Happy and sad switch

Although Npower came bottom of the table, Derek reported he’d experienced some good customer service from the company:

‘I have been with Npower for more than four years as all the comparisons regularly show me that it offers competitive tariffs for my usage. When I have phoned them I have always got a rapid response and my requests have been implemented faultlessly. My only complaint is the number of tariffs and the rapid changes in them, but that goes for most other providers as well.’

However, Wendy doesn’t share quite the same experience:

‘I certainly don’t share your experience of Npower. I had solar panels fitted in July and they seem to have messed up at every stage of the FIT process, as I’ve had to chase them at least a dozen times overall.’

Direct debit problems

Direct debit issues came up in reference to a whole range of suppliers. JBS had problems with OVO Energy:

‘I switched to OVO as I wanted to give a smaller company a chance, but they keep trying to raise my Direct Debit to way above the level needed. The first time they did it, I refused, complained and they stopped. I renewed and not long after, they tried to raise it to a level that, by their own admission, would leave me hundreds in credit for my power!’
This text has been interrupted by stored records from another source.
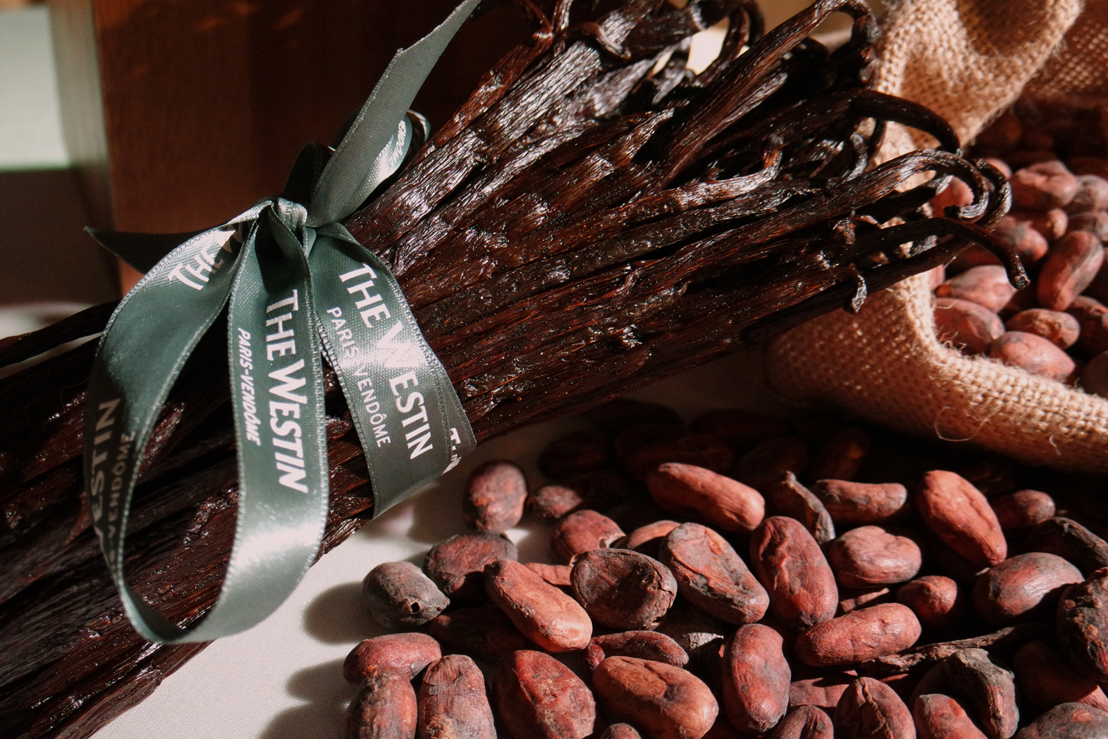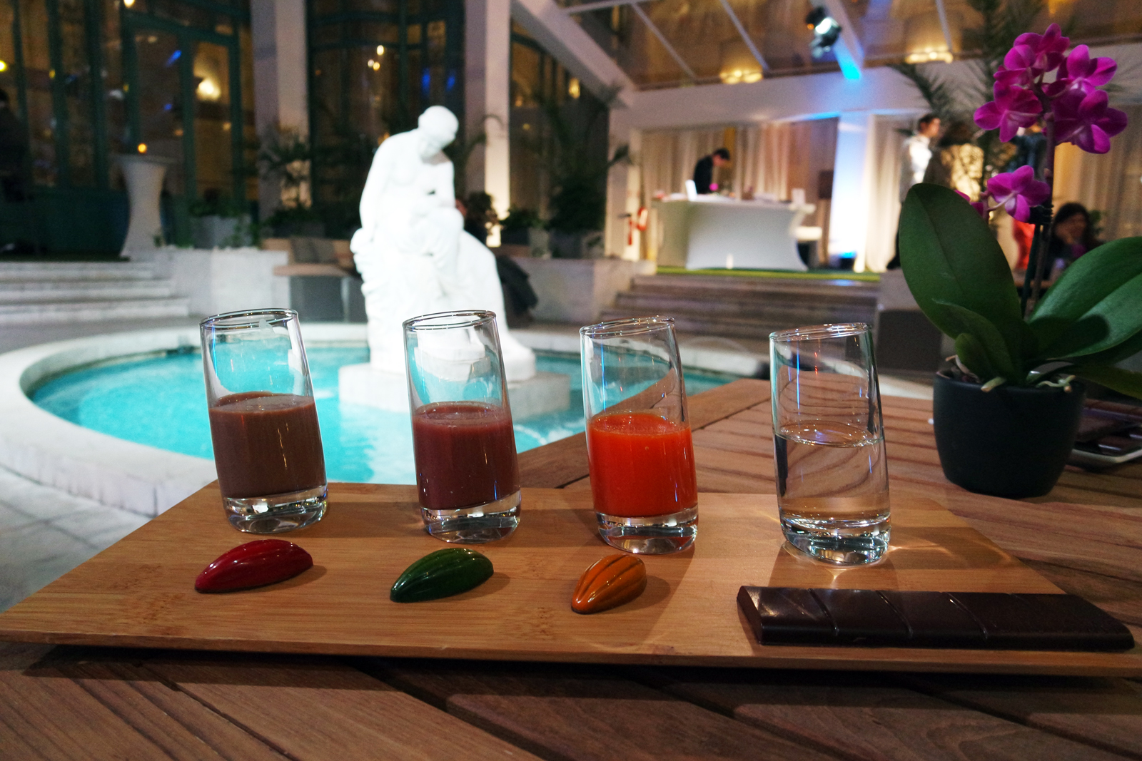 Trois couleurs de fève pour trois déclinaisons : praliné amandes et goji, ganache piment chile habanero et ganache thé vert au jasmin. A déguster face à la fontaine dans la cour intérieure de l’hôtel. La circulation de la rue de Rivoli n’ayant plus aucune prise sur nous.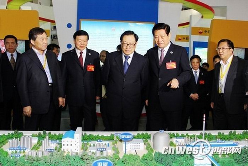 十一屆全國(guó)人大常委會(huì)副委員長(zhǎng)華建敏等中央部委領(lǐng)導(dǎo)在陜西省委書(shū)記趙正永、省長(zhǎng)婁勤儉,陜煤化集團(tuán)總經(jīng)理?xiàng)钫涨?、黨委副書(shū)記馬富元的陪同下視察了陜煤化集團(tuán)的展區(qū)。在集團(tuán)公司模型展示區(qū)前,聽(tīng)取了黃陵礦業(yè)集團(tuán)總經(jīng)理李孝波對(duì)黃陵礦區(qū)循環(huán)經(jīng)濟(jì)發(fā)展的情況介紹,對(duì)陜煤化集團(tuán)的發(fā)展給予了肯定。華建敏等領(lǐng)導(dǎo)一行在陜煤化集團(tuán)展區(qū)停留時(shí)間最長(zhǎng),使陜煤化集團(tuán)展區(qū)成為媒體和中外企業(yè)關(guān)注本屆西洽會(huì)場(chǎng)館展覽的焦點(diǎn),提高了陜煤化集團(tuán)的知名度。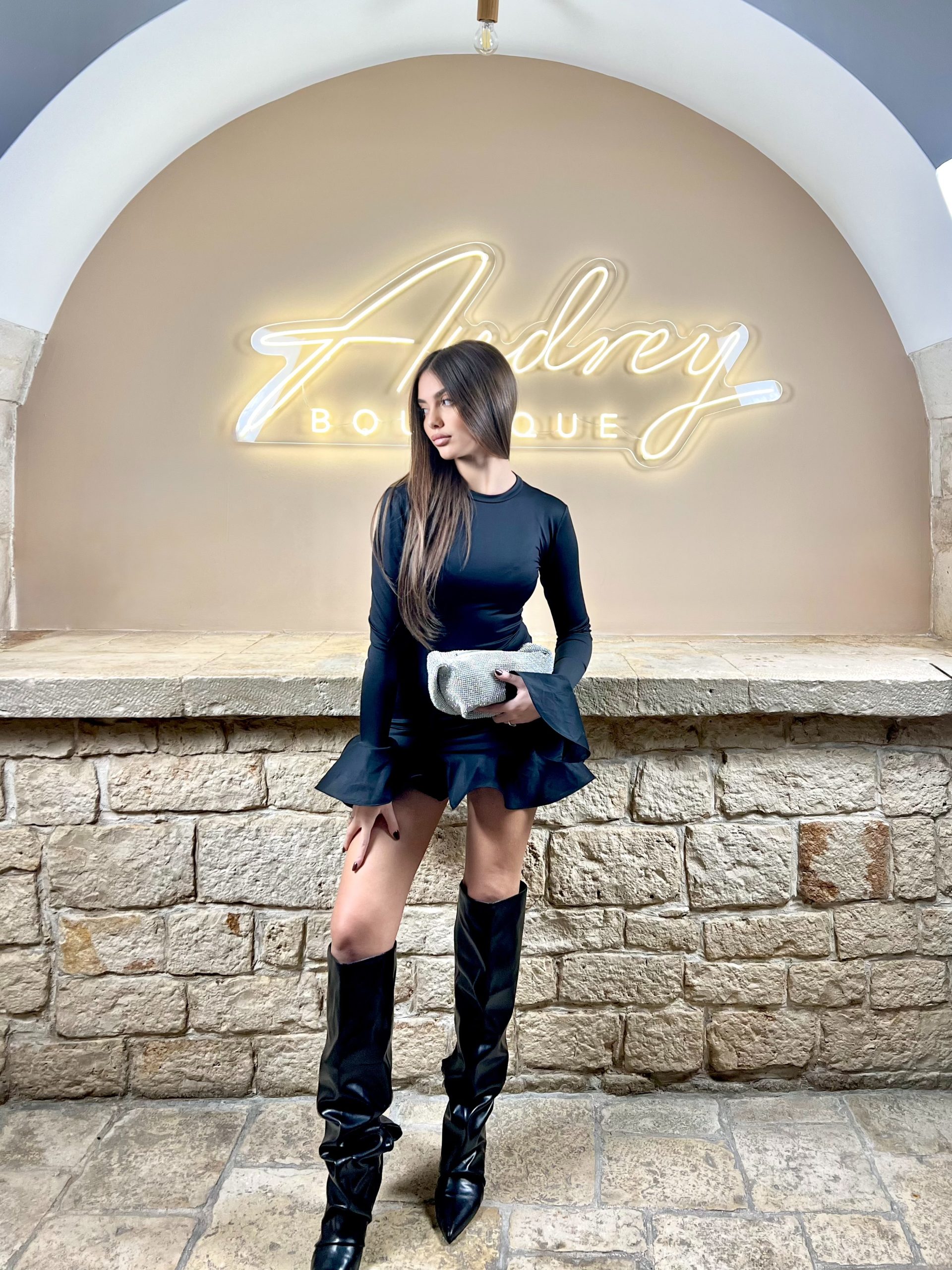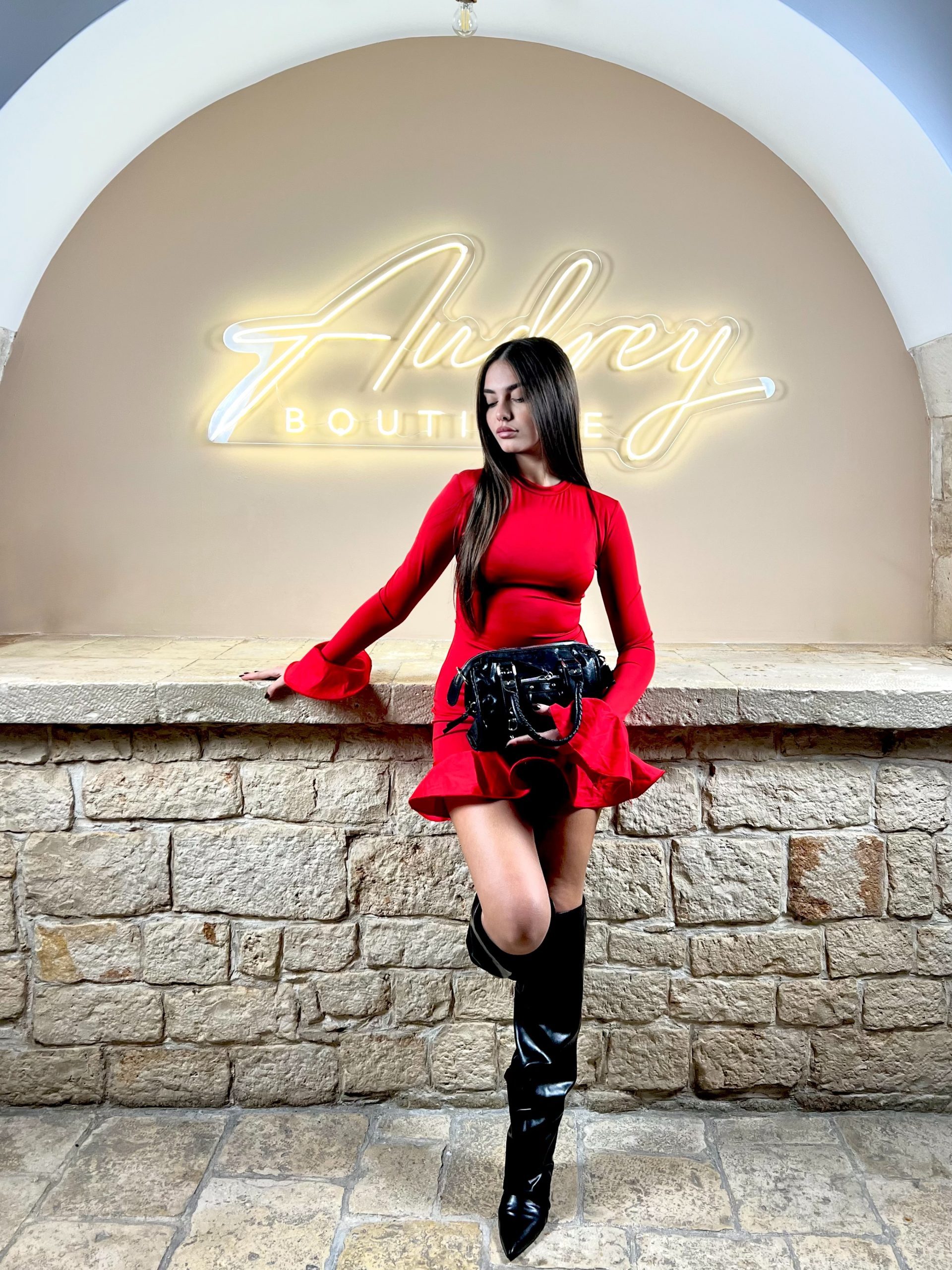 Un abito dal design raffinato e sensuale, realizzato in lycra viscosa che avvolge la silhouette valorizzandola con una vestibilità impeccabile. Le maniche decorate da volant morbidi e la balza scenografica sul fondo donano movimento e femminilità.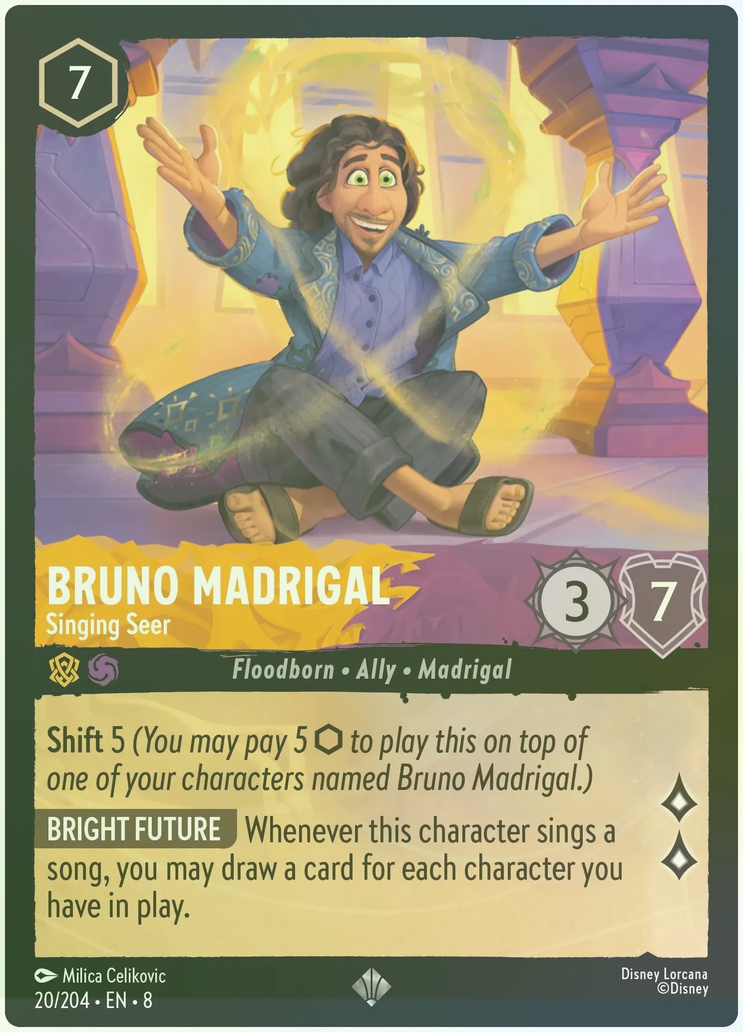 Shift 5 (You may pay 5 to play this on top of one of your characters named Bruno Madrigal.)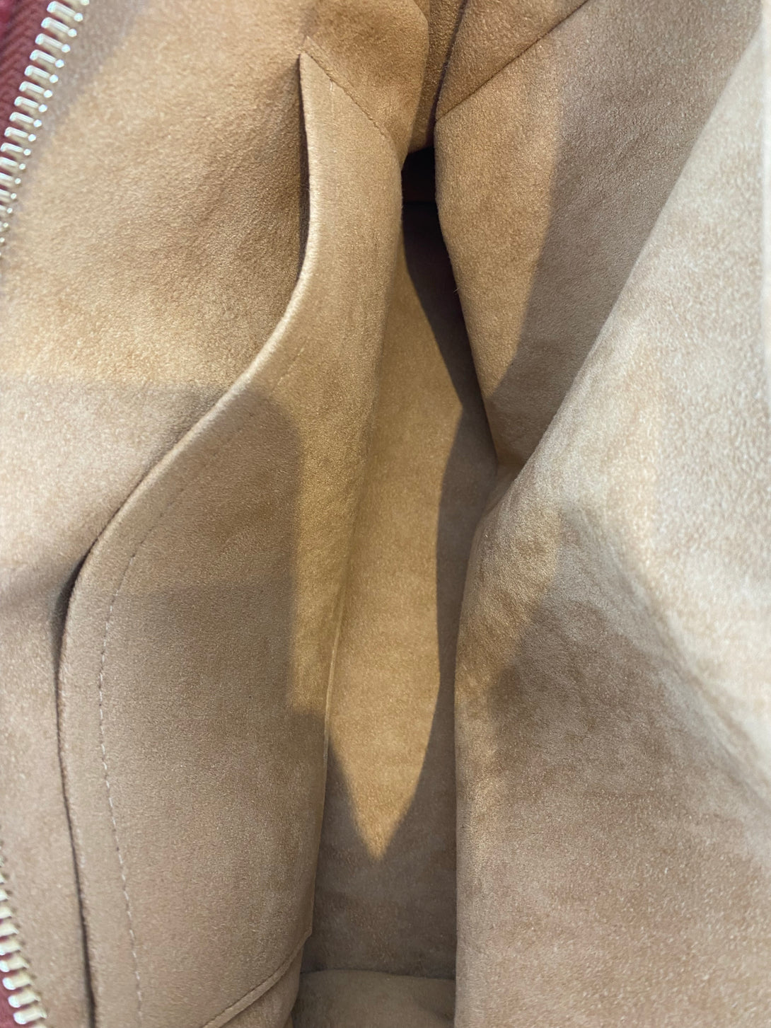 Good: Items show more prominent wear such as noticeable discoloration, stains and snags to fabric. May have worn corners and handles, tarnishing to hardware and creasing to leather. Pen or make up marks may be visible in the interior of the bag.

Stephen O’Malley had a similar experience with EDF Energy:

‘I myself am with EDF and sadly they are exactly the same. They tell us they don’t want us to be paying sums that leave us with large amounts of credit in our accounts, and then a few months later start to insist that you raise them again.’

Switching energy providers

And we’ve some switchers in the crowd. Aliceada told us:

‘I took part in the Big Switch and swapped to Co-op Energy, the switch was done very quickly and I had no problems with either SSE (my previous supplier) or Co-op. The savings quoted seem to be on course but I won’t know for sure until the end of the year. Very happy so far.’

And Joyce Lomax has been inspired to switch other utilities:

‘I switched to M&S Energy for electricity and gas a year ago and was happy so also switched to them for phone also. Happy up to now.’

But one of the secrets to being able to switch with ease is simple energy tariffs. A point that Ant picked up in his comment:

‘A simple way to compare is what we all need and is what the government should have insisted on.’

Don’t worry Ant, we’re with you on that. We’re lobbying the government for a single unit price – so energy prices can be easily compared at a glance allowing people to find the cheapest deal.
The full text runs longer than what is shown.